With the exception of the pictures, write out the data below precisely.

++++ Data excerpt ++++

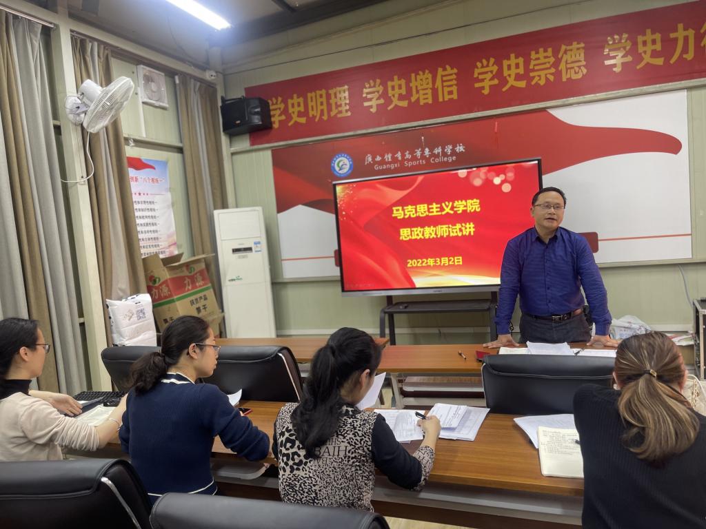 3月2日下午,马克思主义学院在会议室举行新任课思政教师试讲活动。学院党总支书记黎竹娟、院长谢有长、副院长黄航、各教研室主任和学院全体教师参加活动。
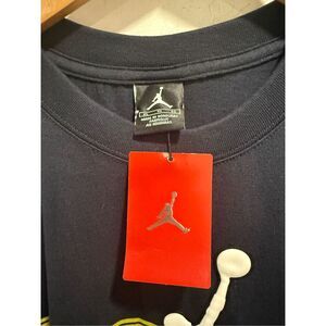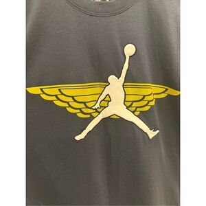 Brand new with tags (NWT) Jordan men’s t-shirt in size XL. This standout black tee features a plush white velour Jumpman logo front and center, layered over bold yellow Wings graphics for an elevated, textured look. A smaller Wings patch also accents the left sleeve. Perfect for fans of retro Jordan style with a modern twist.
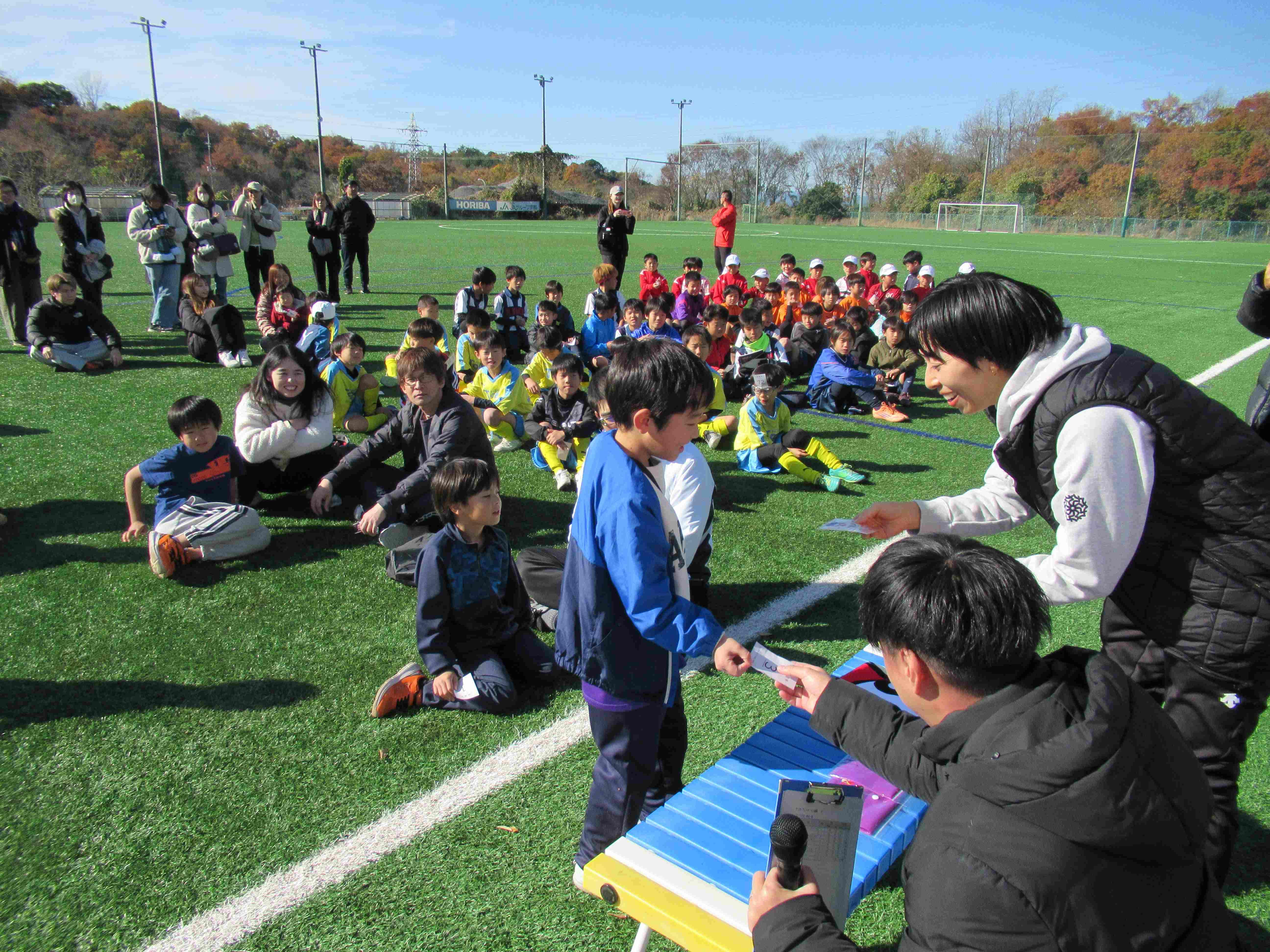 また、親子サッカー教室と小学生交流試合の参加者をにサンガグッズなどが当たる抽選会も行われ、会場は大いに盛り上がりました。

++++

§ Solution below:
 3月2日下午,马克思主义学院在会议室举行新任课思政教师试讲活动。学院党总支书记黎竹娟、院长谢有长、副院长黄航、各教研室主任和学院全体教师参加活动。
 Brand new with tags (NWT) Jordan men’s t-shirt in size XL. This standout black tee features a plush white velour Jumpman logo front and center, layered over bold yellow Wings graphics for an elevated, textured look. A smaller Wings patch also accents the left sleeve. Perfect for fans of retro Jordan style with a modern twist.
 また、親子サッカー教室と小学生交流試合の参加者をにサンガグッズなどが当たる抽選会も行われ、会場は大いに盛り上がりました。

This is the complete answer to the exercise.